Try exporting your taxonomy file and let us know what you find!

You were right, the barplot did not contain the exact feature names.
I looked in my taxonomy file and noticed that there are spaces between taxonomic levels (like o__Actinomycetales; f__Corynebacterineae; g__) so added the spaces and it worked! I thought this was kind of weird since this was just an imported version of the greengenes taxonomy, but looks like this is how that taxonomy file is as well, which I had never noticed because I always pay attention to the taxa names from my summarize taxa (now barplot) output.

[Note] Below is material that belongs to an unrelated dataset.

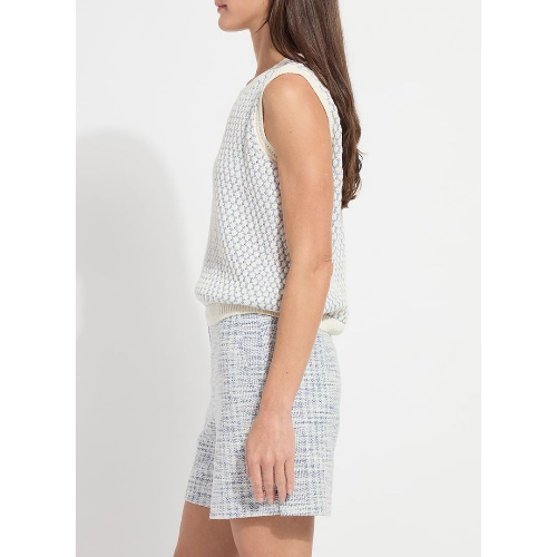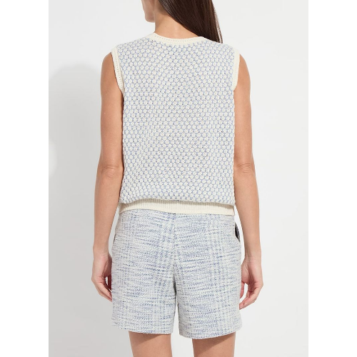 Meet your warm-weather sweater upgrade: the Lyssé Claire Textured Mesh Sweater Shell. Knit in an airy, dimensional pattern, this sleeveless pullover pairs a creamy base with soft sky-blue texture for an elevated, easy-to-style look. A classic crew neckline and clean armhole trim keep it polished, while the ribbed hem provides a flattering finish that looks great worn loose or half-tucked. Perfect layered under a blazer or worn on its own with denim, tailored shorts, or wide-leg pants for effortless, modern outfit-making.

Just for some context for anyone that may run into this issue in the future, I had identified “core microbiota” in my control samples, and was then filtering my original feature table that included all samples to include just these taxa. So I had gotten the list of taxa names from the visualization.qzv output from the core-features command, which also has the feature names as would be shown in the output of a barplot, which is not correct for filtering based on the taxonomy files, which has the spaces.

Thank you!!

2 Likes

This topic was automatically closed 31 days after the last reply. New replies are no longer allowed.